Refactor checkHealth function #1508

ArangoGutierrez · 2025-11-18T14:43:28Z

This patch refactors the device health check system by extracting the logic into a dedicated HealthProvider interface with proper lifecycle management using WaitGroups and context.
No behavior changes - this is a pure refactoring to improve code modularity and testability.

elezar · 2025-11-20T13:58:21Z

internal/plugin/server.go

 	}()

+	// Start recovery worker to detect when unhealthy devices become healthy
+	go plugin.runRecoveryWorker()


Can we split the refactoring (that doesn't add any new behaviour) into a different PR from the one that adds devices becoming healthy again?

sounds like a good idea, and even more based on your other comment #1508 (review)
I wanted a re-factor, but that interface is a diff conversation. Going to work on splitting this PR

elezar

In the context of the k8s-dra-driver-gpu we discused the Interface that we would expect a DeviceHealthCheckProvider to have. Where is that considered here? From the perspective of the device plugin (or its associated ResourceManager), I would expect a DevideHealthCheckProvider to be instantiated and we would develop against this intervace.

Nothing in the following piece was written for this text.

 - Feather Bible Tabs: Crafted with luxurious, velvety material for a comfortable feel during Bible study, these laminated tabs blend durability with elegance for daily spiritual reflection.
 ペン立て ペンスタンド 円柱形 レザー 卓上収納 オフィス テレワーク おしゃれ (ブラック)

As I discussed in NVIDIA/k8s-dra-driver-gpu#689 I would expect this interface to look something like:

type DeviceHealthCheckProvider interface {
   Start(context.Context) error
   Stop()
   Health() <-channel Device

(alternatively one could split the Health channel into Healthy() and Unhealthy()).

elezar · 2025-11-24T15:29:27Z

internal/plugin/server.go

+	// If health provider not available, wait for context cancellation
+	if plugin.healthProvider == nil {
+		<-plugin.ctx.Done()
+		return nil
+	}


Under which conditions is the healthProvider nil? Could we not rather ALWAYS use at least a "no-op" healthProvider to ensure that we don't need to special case this here or at any point where we call Start or Stop?

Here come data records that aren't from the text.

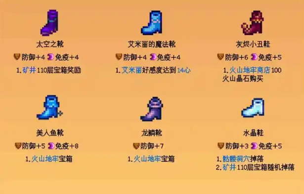 首先得知道,游戏里有几种顶级鞋子,比如太空靴和龙鳞靴,它们不仅能提供超高防御力,还能免疫各种负面效果。这些宝贝通常藏在矿洞深处或者完成特定任务后才能拿到,所以前期咱们得先打好基础,把矿洞探索和战斗技能练起来。
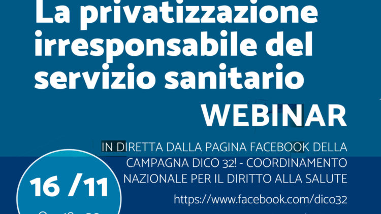 La privatizzazione irresponsabile del servizio sanitario – webinar 16/11/20 dalle 18 alle 20
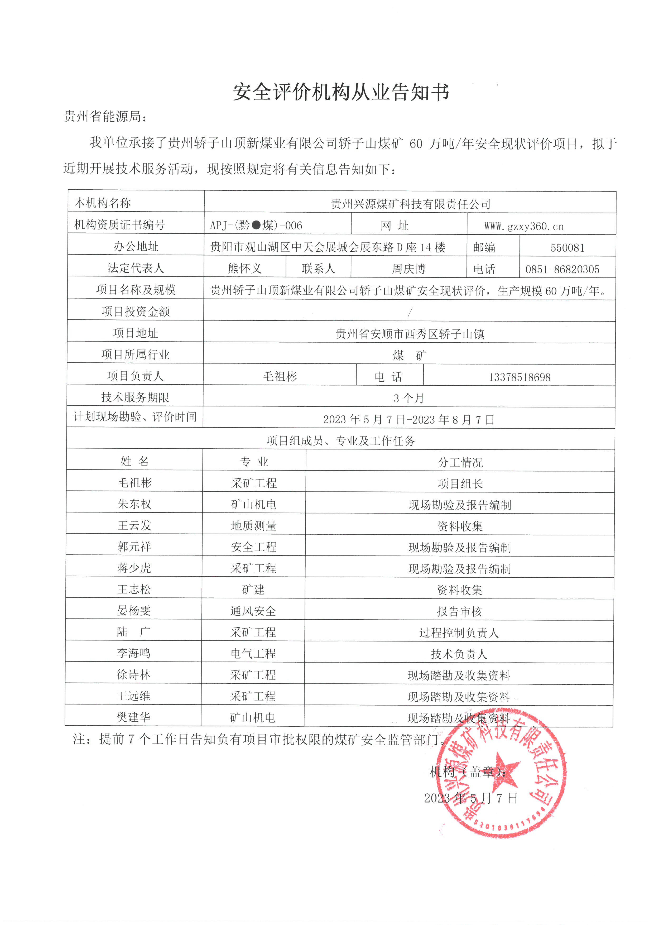 安全評價機構從業告知書【貴州轎子山頂新煤業有限公司轎子山煤礦】
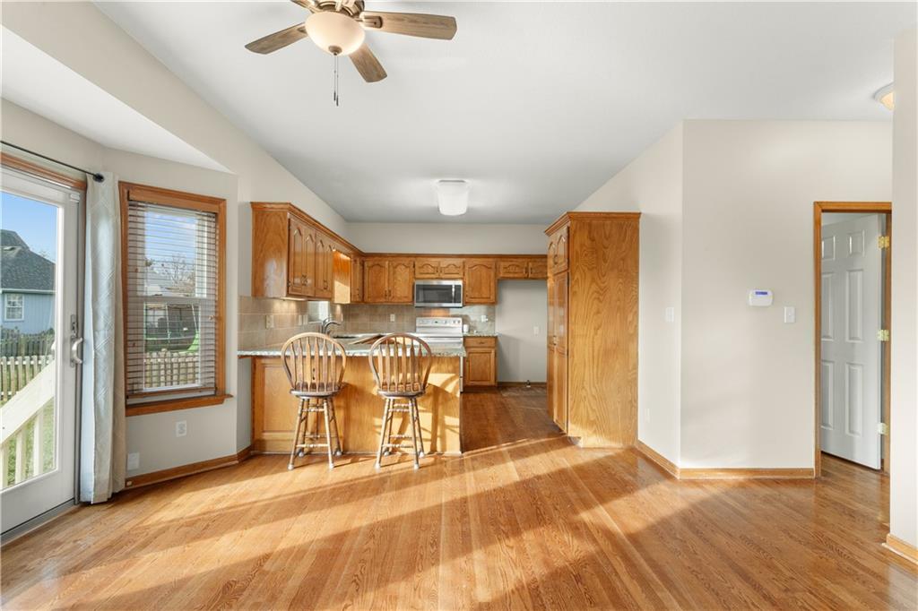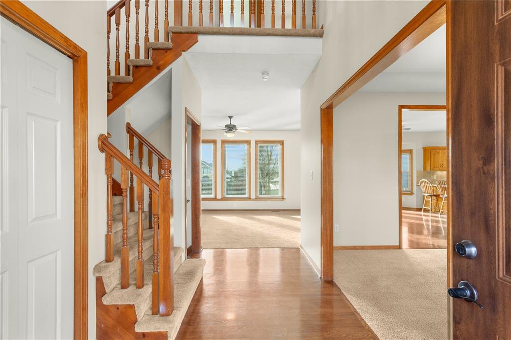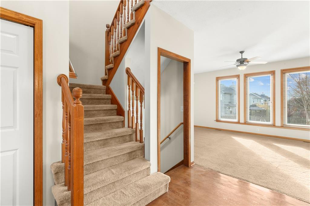 Check out the fresh look! Just put back on the market the evening of 12/21 after being off the market the past 11 days, freshening and repainting most of the interior. Very nice, neat and clean 4 bedroom two story home. You'll love the space this home has inside and out! Beautifull hardwood floors combined with soft carpeting on the main levels feels very comforting and inviting. Lots of windows makes it light and bright as you walk through the home. Hang out downstairs in the finished basement as a great play room for the kiddo's or make it into your game time entertaining space. The bedrooms are nice size and wait til you see the upscale newly remodeled master bathroom, it's awesome! Sellers had very nice new windows and slider door installed in 2022 and new exterior doors installed in 2024. This home has a great fenced yard for outdoor fun, that also has an irrigation system, and you will love the super convenient location of the Hawks Ridge neighborhood!

thanks for the suggestion, adopted

elezar · 2025-11-24T15:30:53Z

internal/rm/health.go

-	// envDisableHealthChecks defines the environment variable that is checked to determine whether healthchecks
-	// should be disabled. If this envvar is set to "all" or contains the string "xids", healthchecks are
-	// disabled entirely. If set, the envvar is treated as a comma-separated list of Xids to ignore. Note that
-	// this is in addition to the Application errors that are already ignored.
+	// envDisableHealthChecks defines the environment variable that is
+	// checked to determine whether healthchecks should be disabled. If
+	// this envvar is set to "all" or contains the string "xids",
+	// healthchecks are disabled entirely. If set, the envvar is treated
+	// as a comma-separated list of Xids to ignore. Note that this is in
+	// addition to the Application errors that are already ignored.


This is a nit: For complex refactorings, keeping changes to a minimum is important as we are able to reduce the noise and focus on the changes. In cases like these, we should update these comments as a separate commit.

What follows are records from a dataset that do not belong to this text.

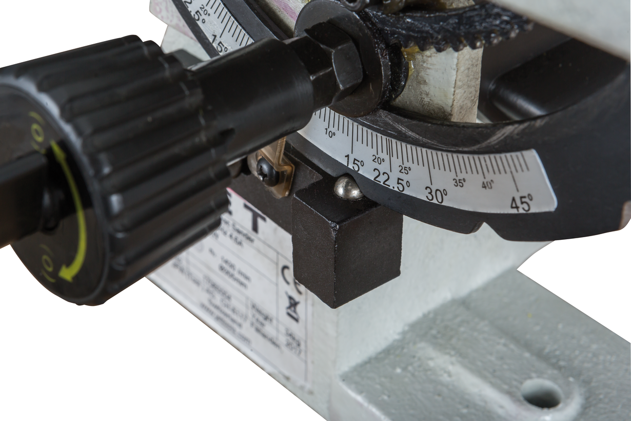 Заготовку размещают на регулируемом опорном столе. Он оборудован винтовым зажимом-фиксатором и рукояткой привода зубчато-секторного механизма, которым и производят наклон. Для контроля положения предусмотрена транспортирная шкала с четкой качественно выполненной разметкой через один градус и подпружиненные фиксаторы нескольких распространенных в обработке углов. В поверхности стола сделан Т-образный паз для скользящего углового упора или для фиксации вспомогательных приспособлений.
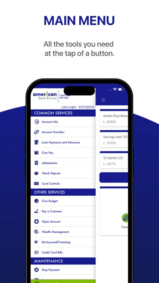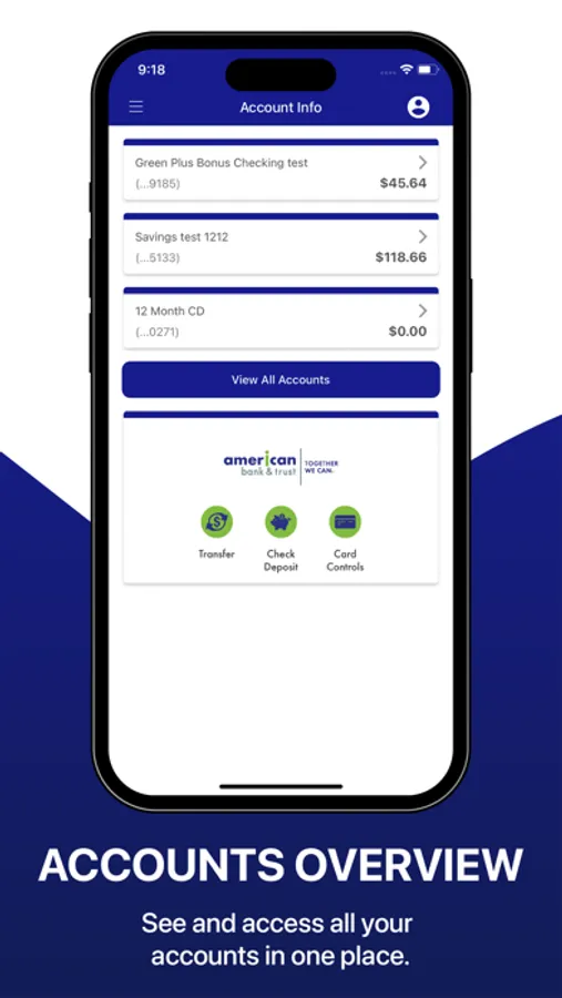 Conduct banking anytime, anywhere with the American Bank & Trust iCan app. Check balances, make transfers, pay bills, and much more, all from inside the app! Need to contact us? Click the Contact Us icon on the login screen of our app.
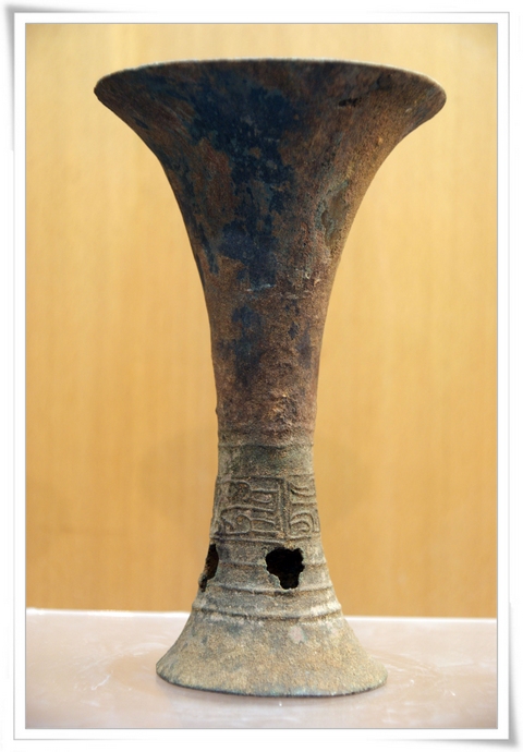 觚(gu,音姑):是最早出现的青铜饮酒器。上下均呈喇叭口状,中为长颈细腰。

now in a [no-relnote] commit

elezar · 2025-11-24T15:31:27Z

internal/rm/health.go

+		nvml:       nvml,
+		config:     config,
+		devices:    devices,
+		healthChan: make(chan *Device, 64),


Question: Why 64?

size would be len(devices) × 4, but I thought 64 was a safe hard coded number as it covers all possible len(devices) sizes

elezar · 2025-11-24T15:32:09Z

internal/rm/health.go

+	if p.started {
+		p.mu.Unlock()
+		return fmt.Errorf("health provider already started")
+	}
+	p.started = true
+	p.mu.Unlock()


Any reason to not defer p.mu.Unlock() instead?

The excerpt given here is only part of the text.